I was told to watch this movie by my cousin, she told me it was good.  The replies in this thread makes me think twice.


----------



## Telling Lies (Dec 28, 2006)

Crap, should I wait for DVD?


----------



## Mrs. Hatake (Dec 28, 2006)

I'm sorry but the movie did not live up to what I thought it was. The book is way better. The movie seemed just a little kiddie to me, but who knows maybe it was just me. My friend didn't like it either, and she was the one to get me into the books. She hated it, and she nevers hates movies.


----------



## Abarai Renji (Dec 30, 2006)

the first book was a great read, the second was alright and the movie was terrible. Trying to follow in the footsteps of harrypotter and lotr and not being true to the book was what killed it in my mind


----------



## AshCrestedHeart (Dec 30, 2006)

So I take it we won't see the dead baby spike to the top of the piled dead people?


----------



## Khamzul (Jan 2, 2007)

Here is an example from the movie:

Eragon walks thorugh the mountains. He is a young farmboy. 
Suddenly a huge man jumps at him from 2 meters above an tries to split him in half with a giant sword. Eragons friend then takes up Eragons sword and murders the attacker with one blow (which makes the attacker silent and not screaming in pain, I did not see any blood either).

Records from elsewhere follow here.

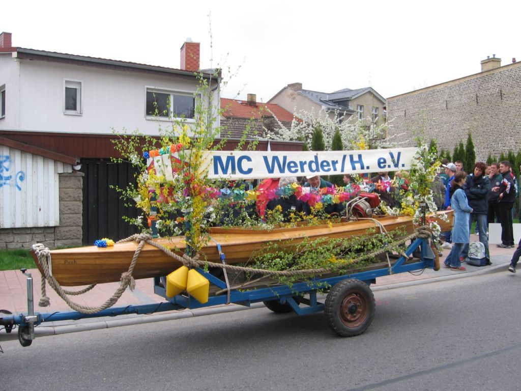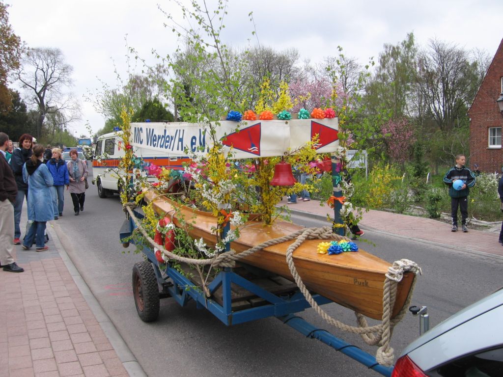 Der MC Werder mit einem sehr schön geschmückten, sehr historischen Holzpaddelbot.
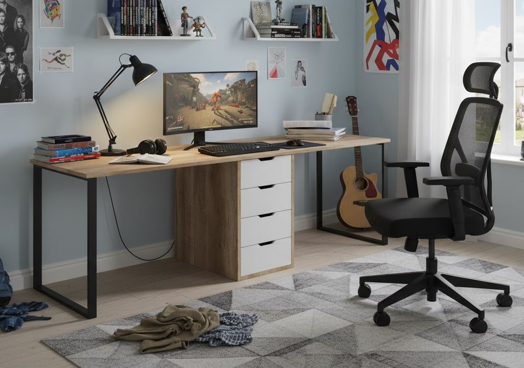 Стол для двоих детей - отличное решение для небольших комнат.
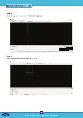 SEWING TECHNOLOGY - CITS Step 34 : Enter the shoulder measurement in the bottom right corner Step 35 : Apply the measurement on the width of the neck. 162 CITS : Apparel - Sewing Technology - Exercise 9

Eragon then looks up at his friend and smiles: "I owe you one."

My advice: I might have enjoyed this if I was 9 years old. This movie is childish, and I can tell it is a rape of the book without even reading it. I think I'll read the book instead though, since it looks to have potential. 
But this movie is not worth it unless you get in free.


----------



## Goom (Jan 7, 2007)

They probably saw how people didnt like Lotr  so long.  So the director wanted to shorten it.  But sadly he failed, i would rather watch a longer movie that is better then a short one that cuts out huge gaps in the storyline.



AshCrestedHeart said:


> So I take it we won't see the dead baby spike to the top of the piled dead people?



That whole part where the whole village is dead is cut out totally.


----------



## Crowe (Jan 7, 2007)

They raped it. Wtf with Saphira growing so fast? It seems liek they just pressed fast forward and skipped lots of things that actually make Eragon the good story that it really is.


----------



## Hyouma (Jan 8, 2007)

pek the villain said:


> They raped it. Wtf with Saphira growing so fast? It seems liek they just pressed fast forward and skipped lots of things that actually make Eragon the good story that it really is.





WolfKiDD said:


> OMG yea! i when i saw it i was like, "wtf?"


I was more like LOL, hilarious scene!

Evil army invades the good guys' hideout, they show the fight between Durza and Eragon, and voila, evil army is suddenly defeated and somehow everyone is okay and cheering.  That's when I said "wtf".

I had some great laughs though.  That's how crappy this movie is.


----------



## Undomiel (Jan 8, 2007)

I didn't read the book, but I usualy love fantasy films.  
This one I was bored from the beginning to the end! Really 5 mins of battle action, the rest was no good. 
And the end was boring too, no romance at all, no action at all and the relationship between Eragon and the dragon was not as deep as they said it was important to have her powers...  6 euros for this is a shame...


----------



## Wingman? (Jan 13, 2007)

I never read the first book, and I saw Eragon. For someone who has not read the books, its a pretty good movie. It gives of a Lord of the Rings feel and is an overall good movie. However, I read #2 , which had a synopsis of #1 in it, and I a now dissapinted with the movie. They left a lot out, including


*Spoiler*: __ 



When Eragon gets the large cut on his back, which influences the 2nd book greatly, and when they broke the Dwarves giant jewel, which it also greatly mentioned...




Overall, I think It was a good movie, but a disgrace to the book.


----------